Python dicerolling program skipping the roll

Question

I have been trying to create a program that will simulate a dice roll, with the option to choose between a 4, 6, or 12 sided die. At the moment the problem I am having is that the program skips the rolling entirely no matter what option I choose and immediately asks me if I want to roll again. Im using Portable Python 3.2.1.1 to create the code.

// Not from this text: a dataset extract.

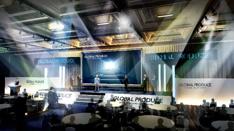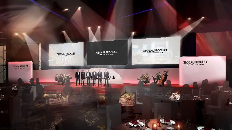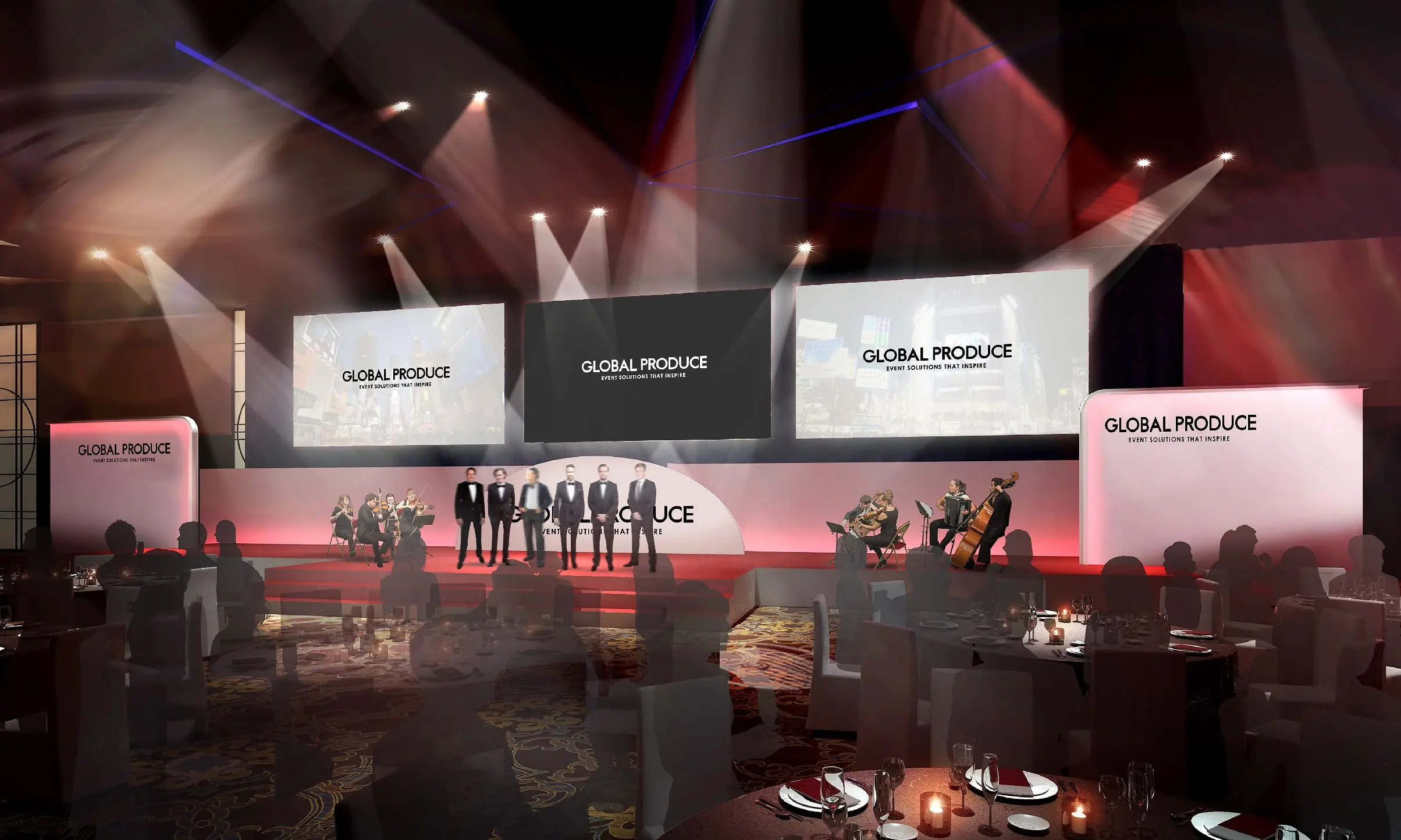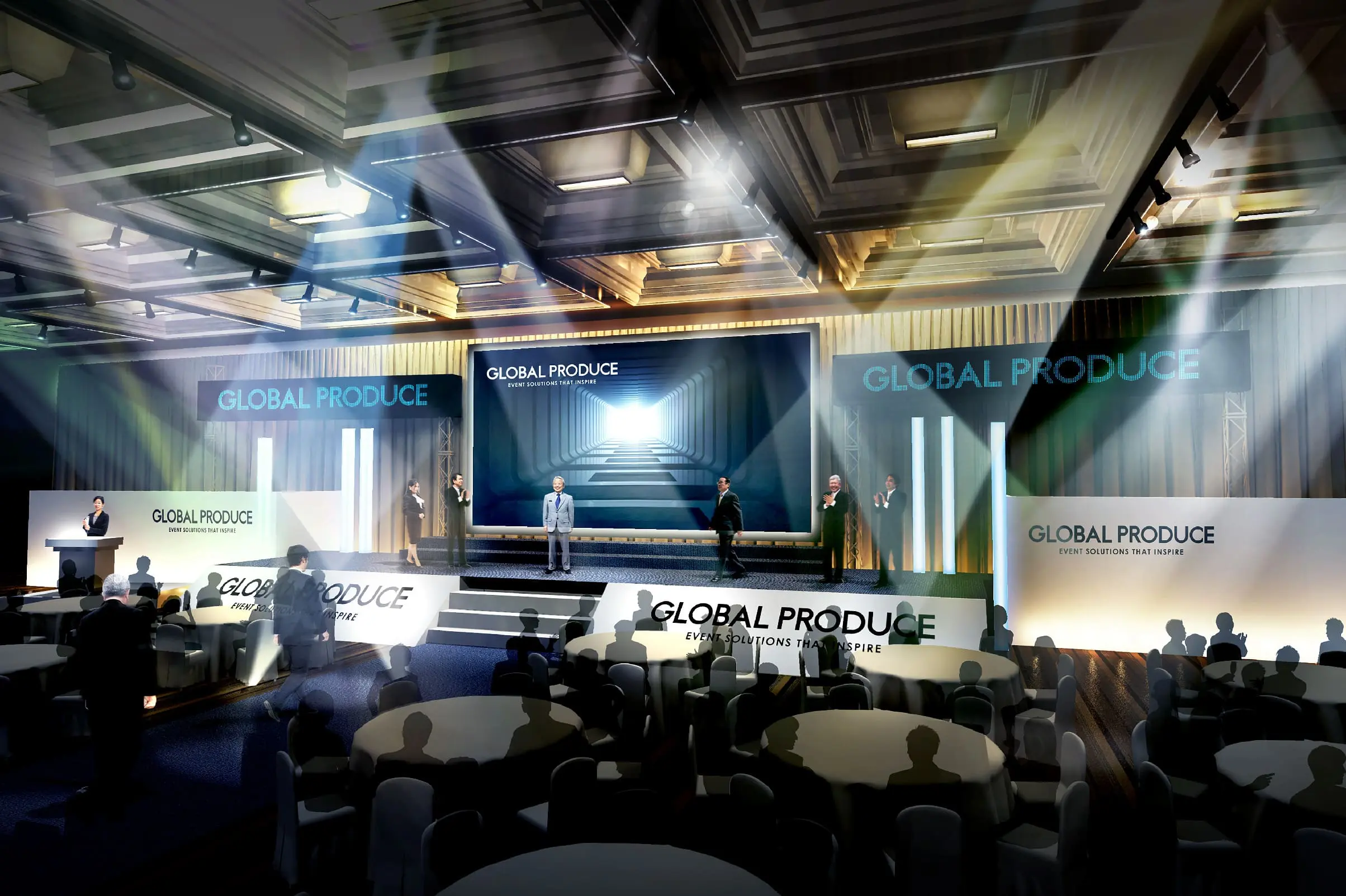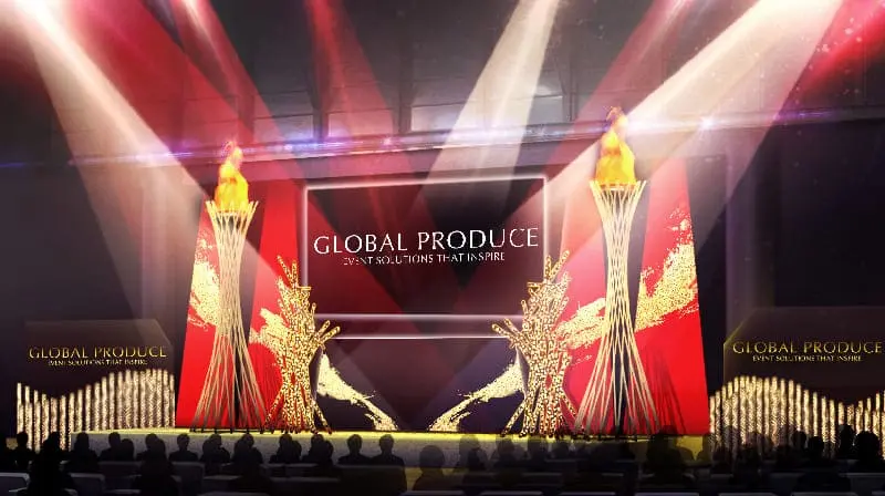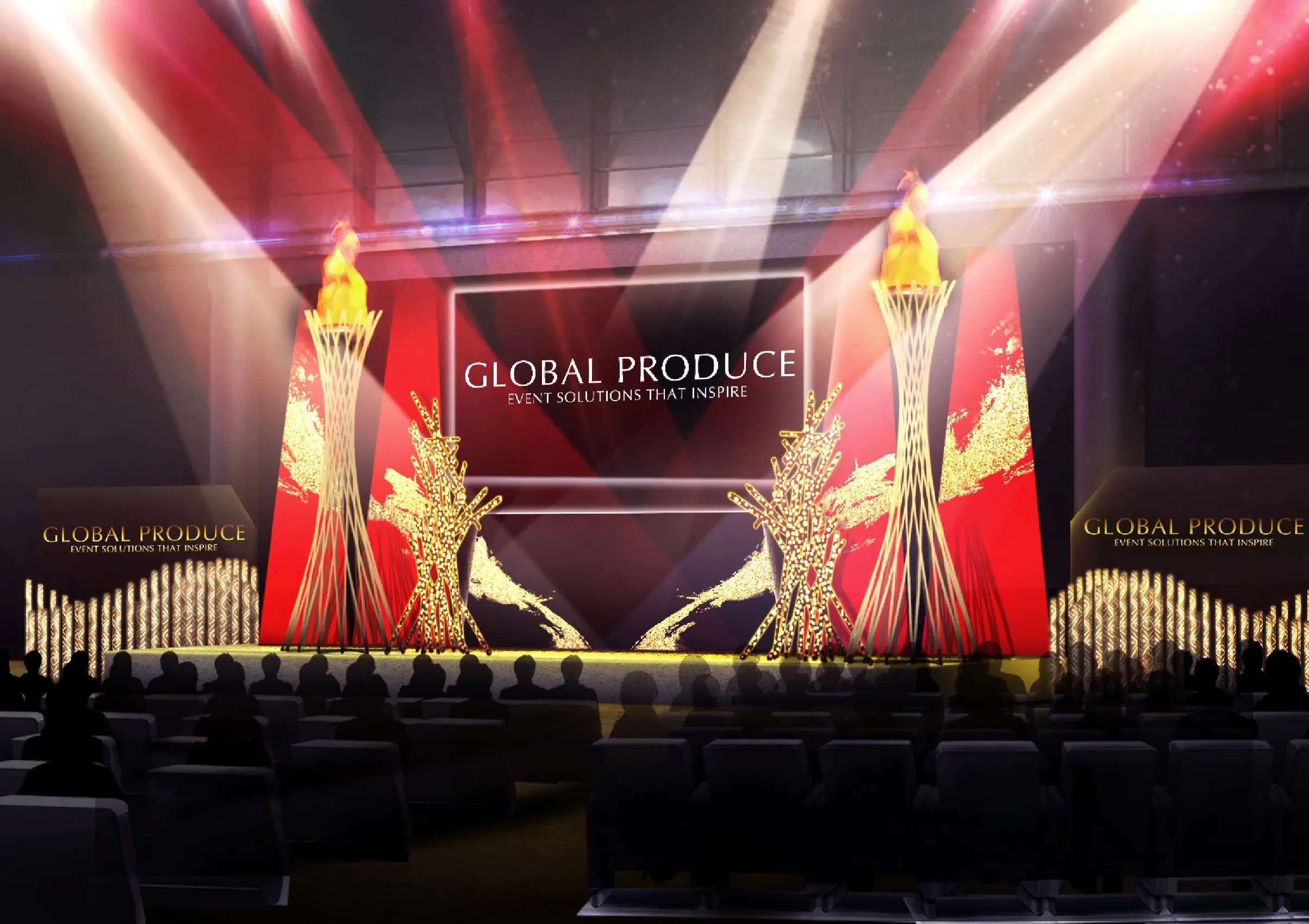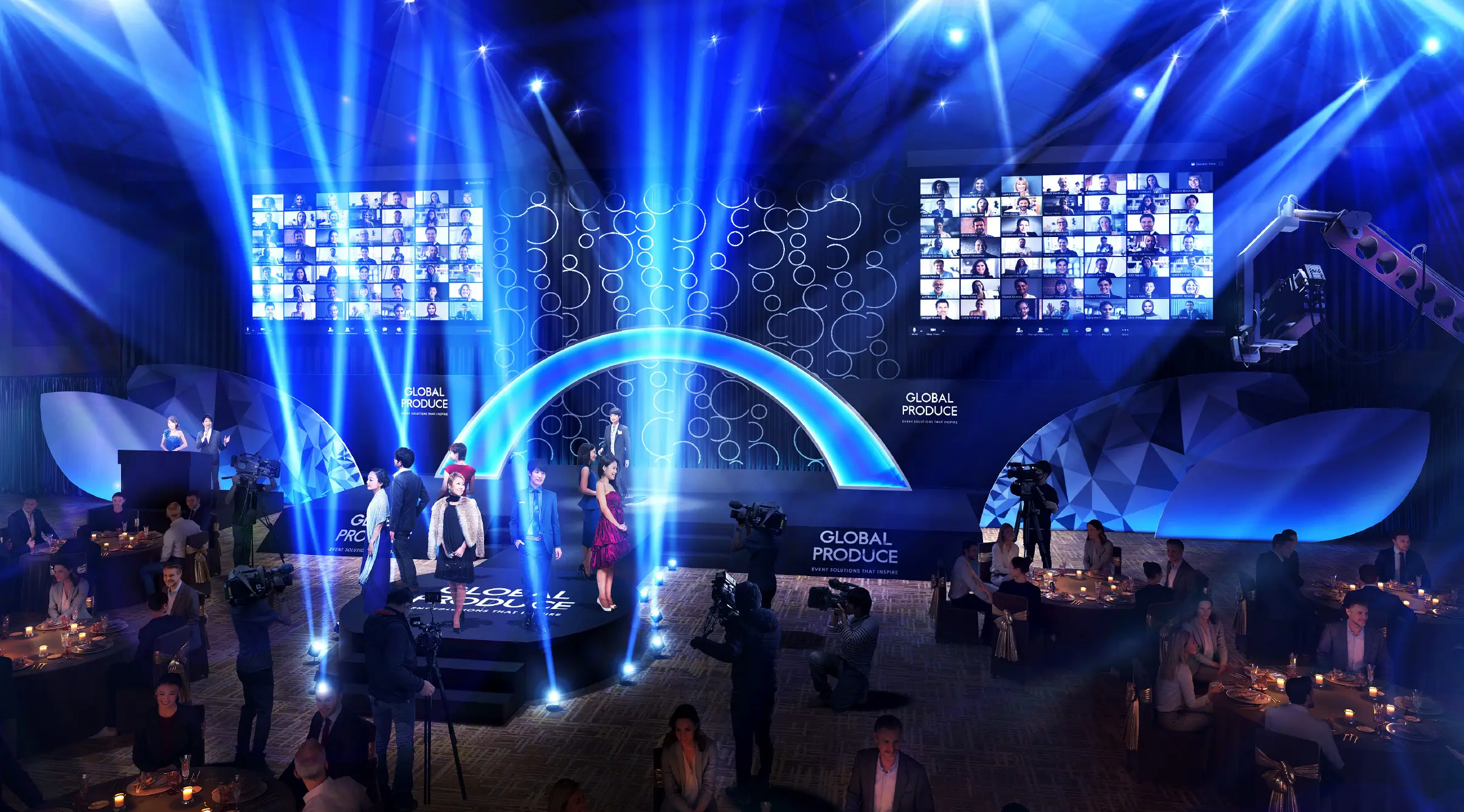 An elegant stage design with a white base. A symbolic object representing the awards is placed at the center. The venue is used horizontally to accommodate a 1000-person theater layout with a screen arrangement that prioritizes visibility.
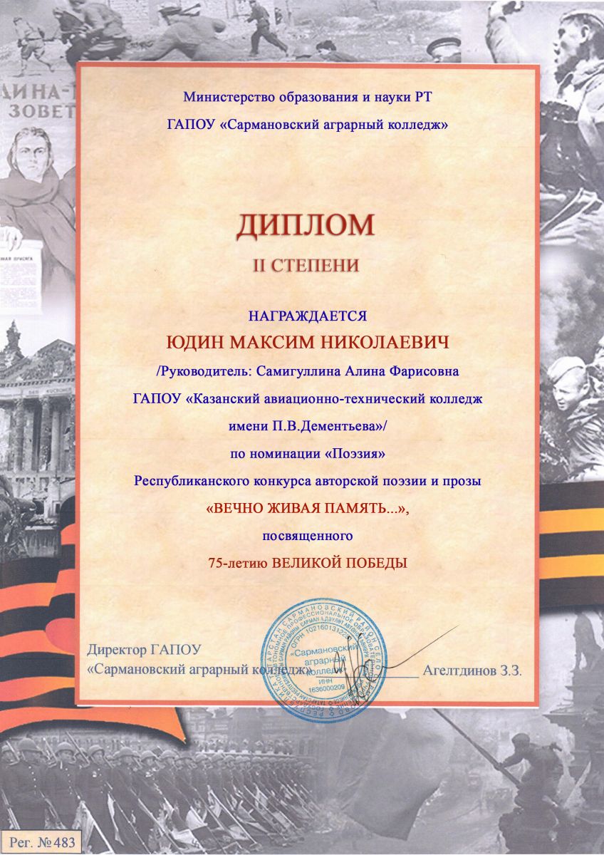 - Поэзия – Юдин М., гр. 17Л1, стихотворение собственного сочинения «Руины Мира», диплом II степени (руководитель Самигуллина А.Ф.);

This is what I have so far:

#!/usr/bin/env python


import random

def fourdie():
   min = 1
   max = 4
   print (random.randint(min, max));
   return;

def sixdie():
  min = 1
  max = 6
  print (random.randint(min, max));
  return;

def twelvedie():
  min = 1
  max = 12
  print (random.randint(min, max));
  return;


roll = "yes"
y = 1


while roll == "yes" or roll == "y":
  x = raw_input("What die do you want to roll? 4, 6 or 12?");
  if x == 4:
    print (fourdie());
  elif x == 6:
    print (sixdie());
  elif x == 12:
    print (twelvedie());
  else:
    print = "Sorry, I dont appear to have that dice type";

  roll = raw_input("Do you want to roll again?");

Any help would be appreciated. Thank you for your time!

Answer 1

Your basic problem is typing, as solved by Nigel Tufnel

I just, because it strikes my fancy, thought I'd mention you could make your code far more generic:

while roll in ["yes", "y"]:
    x = int(raw_input("Number of sides on the die you want to roll?"))
    print random.randint(1,x)
    roll = raw_input("Do you want to roll again?")

Answer 2

input function returns a string.

You can convert this string to int and then compare it to 4, 6, or 12:

x = int(input("What die do you want to roll? 4, 6 or 12?"))
if x == 4:
    // whatever
elif x == 6:
    // whatever

Or you can compare x directly to a string:

x = input("... whatever ...")
if x == "4":
    // whatever
elif x == "6":
    // whatever

And one other thing: there is no need to end lines with the semicolon in python. Makes Guido van Rossum happy.